▸ YOUR ASSIGNMENT
An exact transcription of the listing, without its images, is what the answer must contain.

▸ INPUT DATA
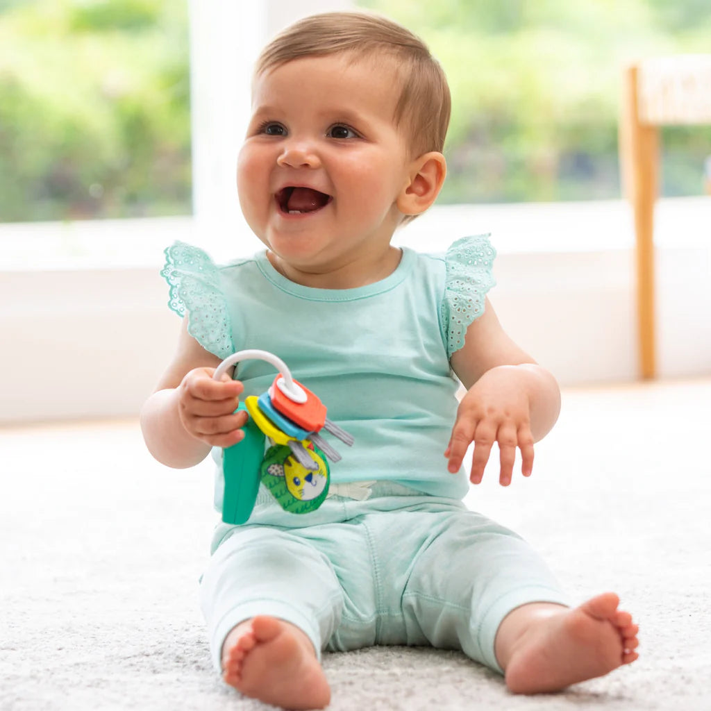 ¡A los bebés les encantará imitar a sus padres con su primer juego de llaves de juguete! Seguro y aprobado por bebés, este realista juego de llaves está fabricado con materiales libres de BPA, ideales para estimular el desarrollo de la motricidad gruesa y fina. ¡Presiona los botones para activar luces y sonidos de coche reales!
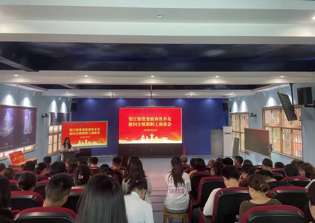 本网讯 9月10日上午,渠江镇组织全体教职工召开教师节座谈会暨师德师风优秀事迹宣讲活动。渠江镇党委政府领导、心系桑梓的乡友人士、爱心企业代表与全镇教职工参加会议。 座谈会在庄严的的国歌声中拉开序幕。渠江学校小学部的少先队员代表以真挚的献词表达了对老师们的节日祝福和深深的敬意。随后,渠江镇党委副书记、镇长尹俐宣读了慰问教师名单,北京坤元至诚资产评估有限公司湖南分公司、深圳前海百科财税代理集团有限公司等爱心企业及乡友向渠江镇中心学校进行了捐赠授牌。 在师德师风优秀事迹宣讲环节,三位师德标兵代表依次分享了自己的教育故事。渠江学校初中部老师夏锐动情地讲述了他作为班主任与特殊孩子相处的经历:“从‘改造式教育’到尝试‘践行培养式教育’,我在不断地收获成长,这些收获都是从孩子们那里‘偷’来的。只要看到孩子们渴望知识的眼神,我们就有了坚持下去的力量。” 渠江镇中心学校党支部书记、校长刘跃兵在发言中表示,三位教师的宣讲是渠江镇师德师风建设的缩影。他号召全镇教职工以标兵为榜样,坚守教育初心,担当育人使命。 渠江镇党委书记陈梦姣在讲话中高度肯定了全镇教师队伍的贡献,同时她对全体教职工提出四点希望:始终保持教育初心、保持学习定力、保持以德育人的理念,永葆一颗仁爱之心。
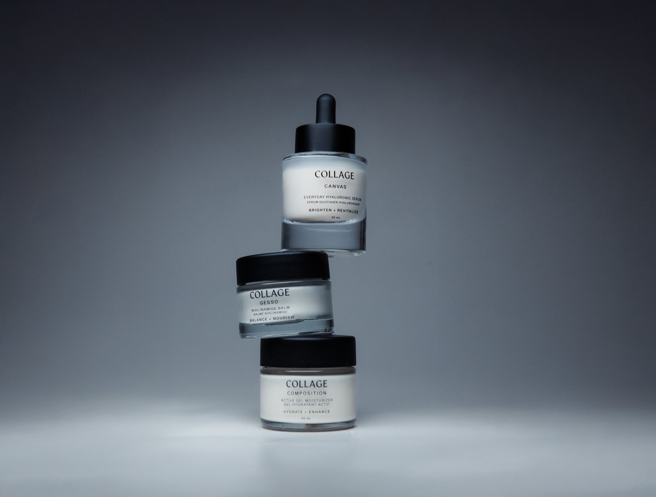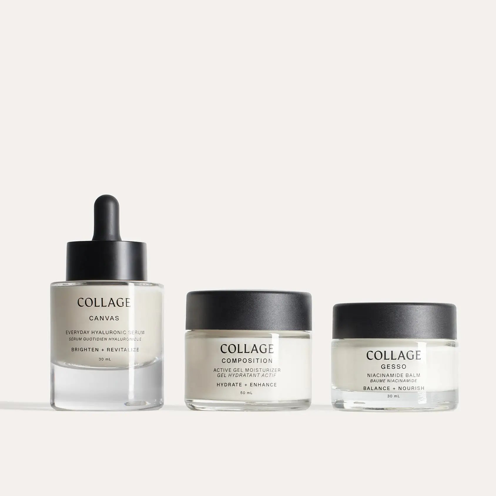 Our 3-step system—Canvas, Composition, and Gesso—is thoughtfully formulated with purposeful ingredients to support your skin at every age and stage. We use proven actives like hyaluronic acid in both high and low molecular weights for deep and surface hydration, along with niacinamide to help strengthen the skin barrier.

▸ SOLUTION BELOW
 ¡A los bebés les encantará imitar a sus padres con su primer juego de llaves de juguete! Seguro y aprobado por bebés, este realista juego de llaves está fabricado con materiales libres de BPA, ideales para estimular el desarrollo de la motricidad gruesa y fina. ¡Presiona los botones para activar luces y sonidos de coche reales!
 本网讯 9月10日上午,渠江镇组织全体教职工召开教师节座谈会暨师德师风优秀事迹宣讲活动。渠江镇党委政府领导、心系桑梓的乡友人士、爱心企业代表与全镇教职工参加会议。 座谈会在庄严的的国歌声中拉开序幕。渠江学校小学部的少先队员代表以真挚的献词表达了对老师们的节日祝福和深深的敬意。随后,渠江镇党委副书记、镇长尹俐宣读了慰问教师名单,北京坤元至诚资产评估有限公司湖南分公司、深圳前海百科财税代理集团有限公司等爱心企业及乡友向渠江镇中心学校进行了捐赠授牌。 在师德师风优秀事迹宣讲环节,三位师德标兵代表依次分享了自己的教育故事。渠江学校初中部老师夏锐动情地讲述了他作为班主任与特殊孩子相处的经历:“从‘改造式教育’到尝试‘践行培养式教育’,我在不断地收获成长,这些收获都是从孩子们那里‘偷’来的。只要看到孩子们渴望知识的眼神,我们就有了坚持下去的力量。” 渠江镇中心学校党支部书记、校长刘跃兵在发言中表示,三位教师的宣讲是渠江镇师德师风建设的缩影。他号召全镇教职工以标兵为榜样,坚守教育初心,担当育人使命。 渠江镇党委书记陈梦姣在讲话中高度肯定了全镇教师队伍的贡献,同时她对全体教职工提出四点希望:始终保持教育初心、保持学习定力、保持以德育人的理念,永葆一颗仁爱之心。
 Our 3-step system—Canvas, Composition, and Gesso—is thoughtfully formulated with purposeful ingredients to support your skin at every age and stage. We use proven actives like hyaluronic acid in both high and low molecular weights for deep and surface hydration, along with niacinamide to help strengthen the skin barrier.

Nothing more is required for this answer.